BUSCAND UN SUEÑO:19º.- Una nueva oportunidad


Capítulo 19: UNA NUEVA OPORTUNIDAD


BELLA


Mi corazón no daba crédito a todo lo que estaba sucediendo, cuando ya se había resignado a su pérdida. Ya había pasado todo el dolor, y el bálsamo del tiempo empezaba a hacer efecto. De repente él había aparecido nuevamente, y por mucho que lo negara, mi corazón, que jamás dejó de pertenecerle, volvió a sentir por él todo lo que sentía tiempo atrás, cuando éramos felices en Chicago. Mi corazón latía desbocadamente mientras caminaba a su lado, con su mano a tan solo quince centímetros de la mía. Qué fácil habría sido adelantar mi mano salvando esos centímetros, y agarrarme de la suya mientras salíamos de la facultad, tal como siempre íbamos por Chicago. Pero retuve ese impulso, su hermana iba al otro lado de él y su sola presencia me cohibía.

Al salir a la calle nos encontramos a Jasper, que fue sin pensarlo, como si fuera lo más natural del mundo, a darle un beso a Alice. Por lo visto estaban juntos. Ella le correspondió, y ya abrazados se despidieron de nosotros dejándonos solos. Quedamos frente a frente en mitad de la acera. Me miraba como si fuera la primera vez, como tratando de reconocerme. Recordando lo que me había dicho Jasper de su memoria empecé a hablarle:



-Edward, ¿me reconoces? – subió una de sus manos con intención de acariciar mi rostro con las yemas de los dedos. Era una caricia que llevaba esperando más de dos años, y dejándome llevar cerré los ojos, anhelando ese sencillo contacto. No llegó, al cabo de unos segundos demasiados largos su voz me sacó de ese trance.
-Ven Bella, este no es el lugar más adecuado para hablar.

Abrí los ojos de golpe. Se había alejado unos cuantos pasos de mí, invitándome a que lo siguiera. Nos encaminamos hacia el aparcamiento donde estaba su coche, y al acercarnos recordé lo que le había hecho esta mañana. Él se acercó como si no viera todas las abolladuras y arañazos, abrió las puertas y me invitó a entrar. Al abrir la puerta del acompañante el olor del coche, tan característico, me golpeó en las narices. No podía entrar en ese coche, no solo por lo que le había hecho, sino por todos los recuerdos de los momentos vividos ahí dentro.

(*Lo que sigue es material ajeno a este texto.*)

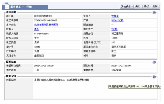 醫(yī)療設(shè)備的維修以現(xiàn)場服務(wù)為主,在接到客戶服務(wù)請求到派工的流程,依靠紙張遠遠達不到高效的要求,維修情況的記錄已僅僅是事后的文字記錄,通常需要層層上報,更不具備匯總和統(tǒng)計分析的功能,作為領(lǐng)導(dǎo)不能適時監(jiān)控和管理在外的維修服務(wù)工程師。
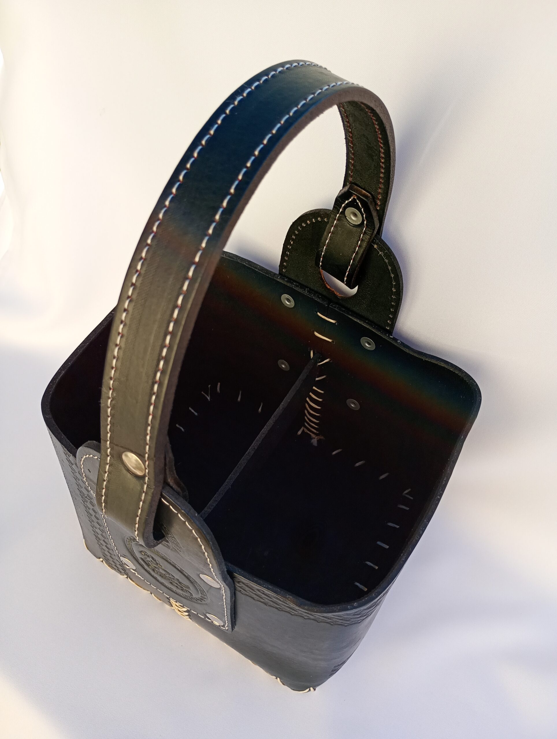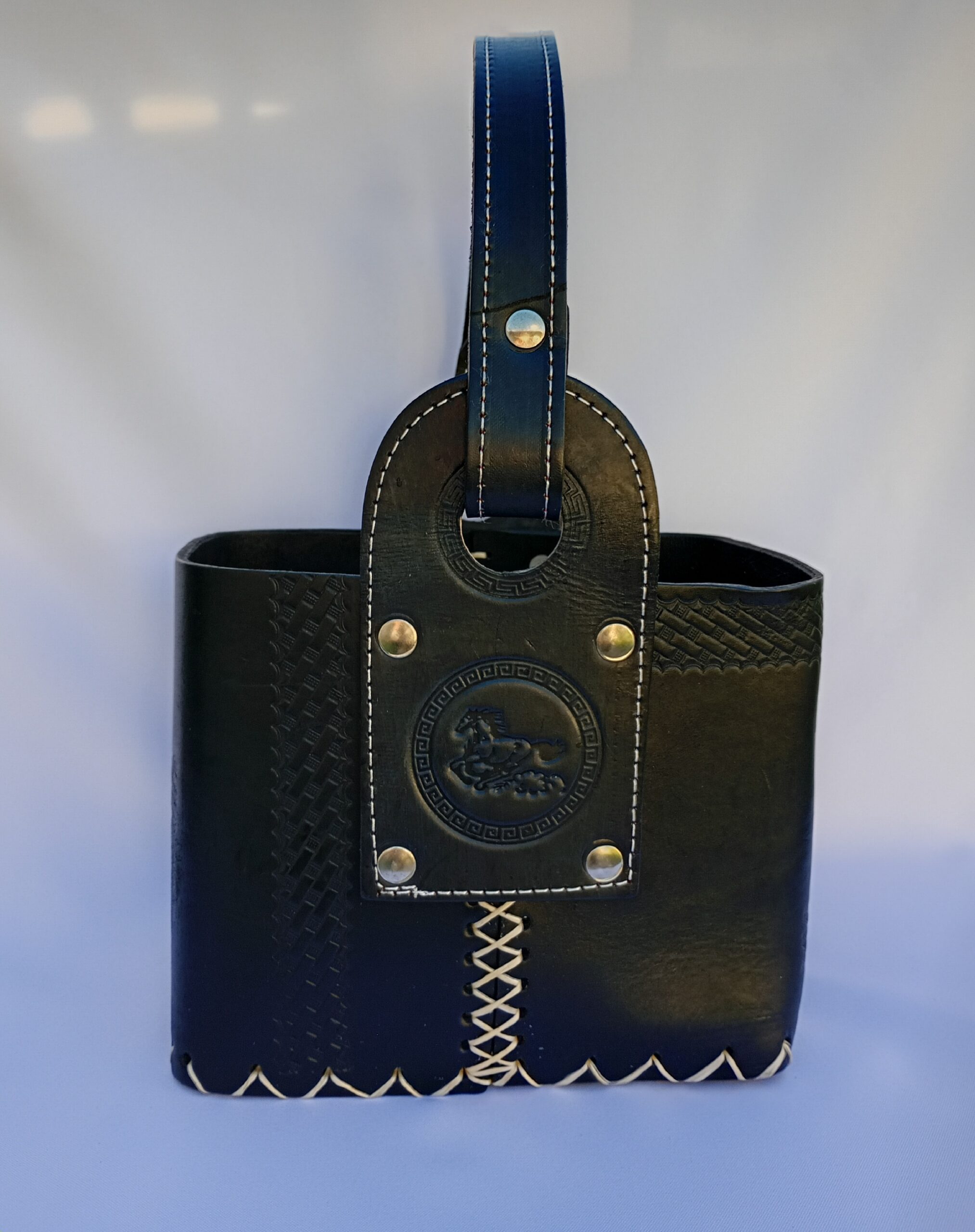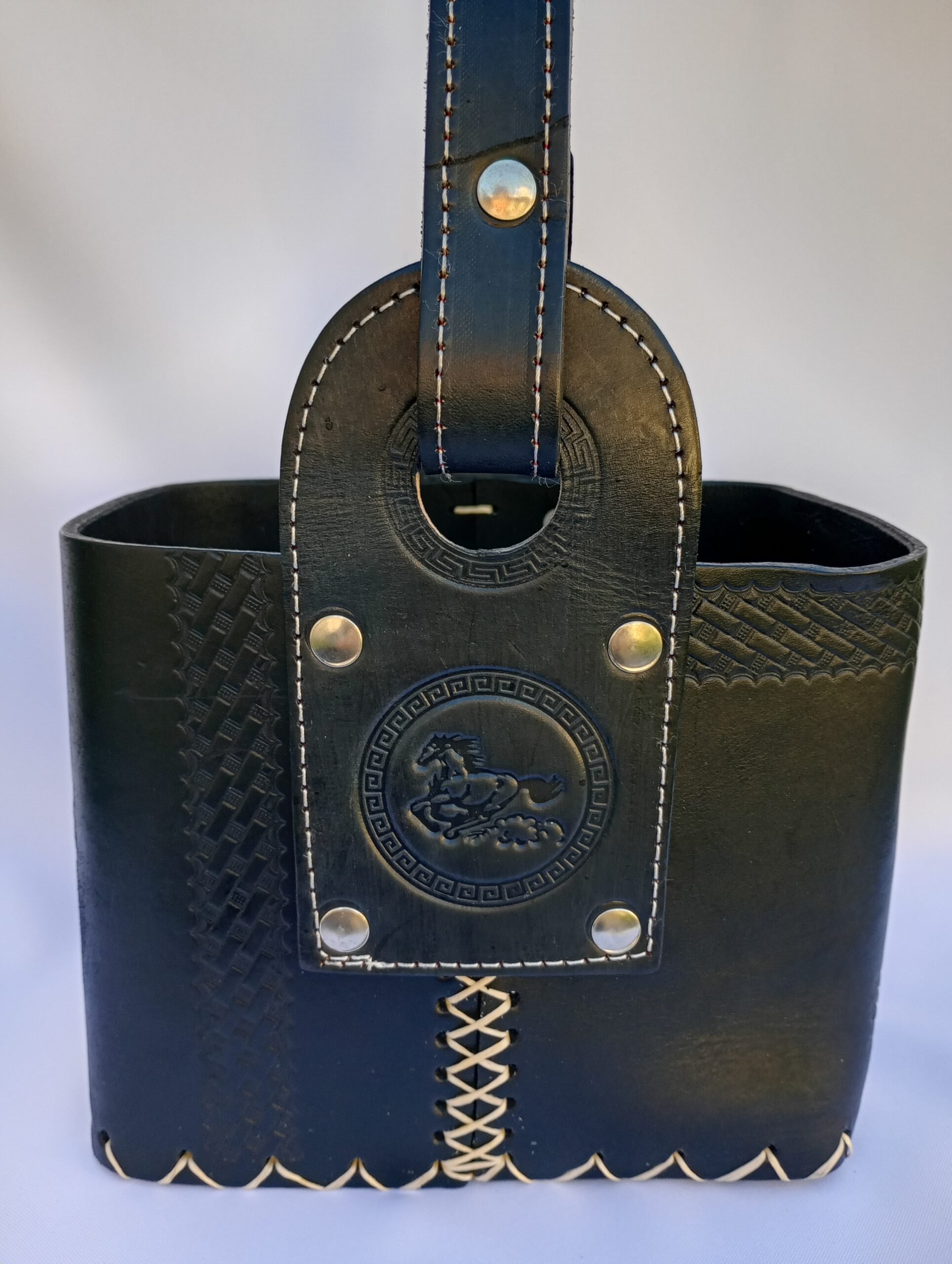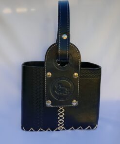 Canasta matera confeccionada 100% en cuero vacuno de alta calidad.

-¿Entras? – me invitaba mientras sujetaba la puerta del acompañante.
-No,… no puedo. – Le decía mientras negaba con la cabeza – Yo, lo siento, de verdad, siento lo que le he hecho al coche.
-Lo sé, no te preocupes por nada. Un poco de pintura y quedará como nuevo.
-Es que no puedo entrar ahí como si nada. Este coche era tu vida, y yo he arremetido contra él esta mañana. Y,… y son muchos los recuerdos que tengo ahí adentro de nosotros dos.
-Es solo un coche, se puede arreglar. Por favor, solo quiero salir de aquí y llevarte a un sitio tranquilo donde podamos hablar, darte todas las explicaciones que me pidas.
-Edward,… no puedo entrar a este coche como si nada. No después de todo lo que nos ha pasado. – Seguía negando con la cabeza como si de un tic nervioso se tratara. Edward exhaló de un golpe todo el aire de sus pulmones, y de un portazo cerró la puerta, sobresaltándome.
-Entiendo que no confíes en mí, pero te juro por lo más sagrado que jamás te haré daño, jamás. – Se quedó mirándome con esos ojos del color de la miel, intentando llegar a mi alma. Con expresión cansada, me indicó que le siguiera – ¿Podemos por lo menos ir a un sitio más tranquilo? – Asentí con la cabeza – vamos entonces a la cafetería de la facultad de biología, es la más cara del campus, por lo tanto la más tranquila. Y ahí estarás en un sitio público, nada puedo hacerte.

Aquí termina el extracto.